La cuerda se aflojó en nuestras manos y la fuimos recuperando hasta que vimos a la doctora Torrent dar el último salto hacia nosotros. Para entonces, la pétrea banda de cielo raso estaba a punto de aplastarnos, de modo que nos dispersamos hacia los muros laterales y nos pegamos a ellos como si fuéramos sellos y, aun así, la cosa aquella estuvo a punto de rasurar, por muy poco, la barriga del más gordo de nosotros. Sólo entonces caímos en la cuenta de que el descenso había sido en diagonal, es decir, que se trataba en realidad de una escalera de increíble longitud que partía justo desde encima de la pequeña cabeza de cóndor y que terminaba a nuestros pies invitándonos a subir por ella. Pero no por el hecho de ver con claridad la situación nos decidíamos a despegarnos de las paredes. Allí nos quedamos, con los ojos vidriosos por el pánico y las aletas de la nariz batiendo enloquecidas el polvo que se había desprendido del techo.
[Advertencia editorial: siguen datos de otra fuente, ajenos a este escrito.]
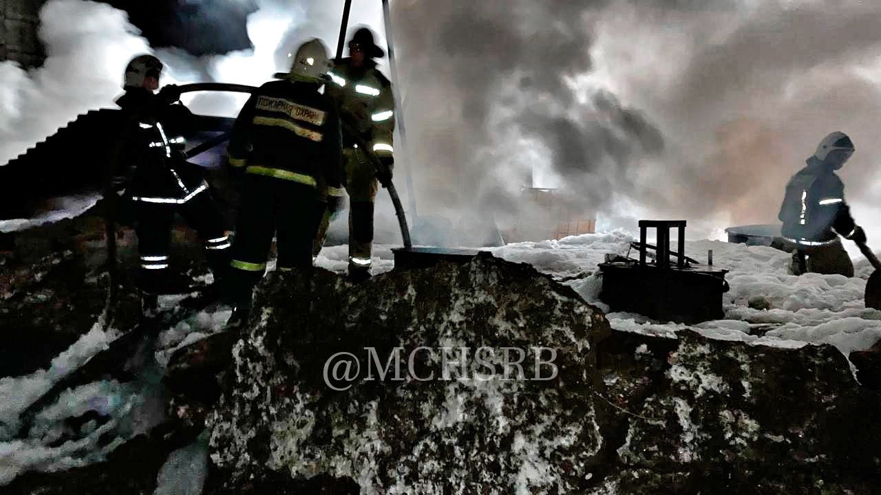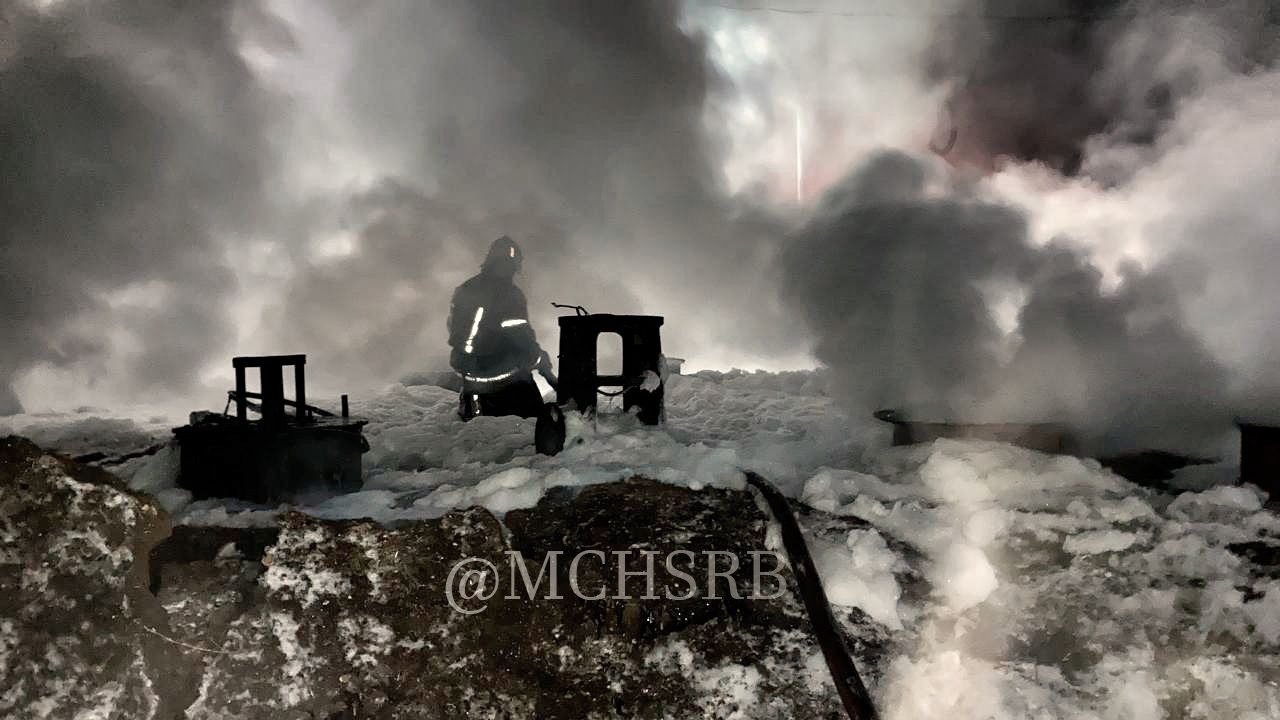 Утром, в 4.42 открытое горение было ликвидировано. Тушение продолжается.

La primera de nosotros cuatro en reaccionar fue
Proxi
.

—Señoras, señores... —musitó aprensiva—, el cuello del cóndor.

—¿Del primero o del segundo? —inquirió
Jabba
con una voz que no le salía del cuerpo. Permanecía adherido al muro encogiendo la barriga.

—Del primero —afirmé sin moverme—. Recuerda el dibujo del mapa de Thunupa.

La catedrática nos examinó a los tres con un gesto oscuro en el rostro.

—¿Son ustedes tan listos como parecen —preguntó— o todo esto lo han sacado de los supuestos papeles de su hermano, señor Queralt?

Pero, antes de que pudiera responderle,
Proxi
se me adelantó:

—Suponemos que Daniel lo había descubierto porque su documentación nos dio las pistas necesarias para averiguarlo. Pero no estaba todo en los papeles.

—Jamás escribo todo lo que sé —murmuró ella, pasándose las manos por el pelo para quitarse la tierra que le había caído encima.

—Probablemente porque no lo sabe todo —concluí, dirigiéndome hacia el primer peldaño de la escalera, del que partían dos gruesas cadenas que ascendían hacia lo alto—, o porque no sabe nada.

—Será eso —repuso con fría ironía.

Empecé a subir con cuidado por aquellos dientes de sierra sin pasamanos que habían caído del cielo.

—¿Esto es oro? —oí que preguntaba
Proxi
, mosqueada. Me giré y la vi examinando una de las cadenas.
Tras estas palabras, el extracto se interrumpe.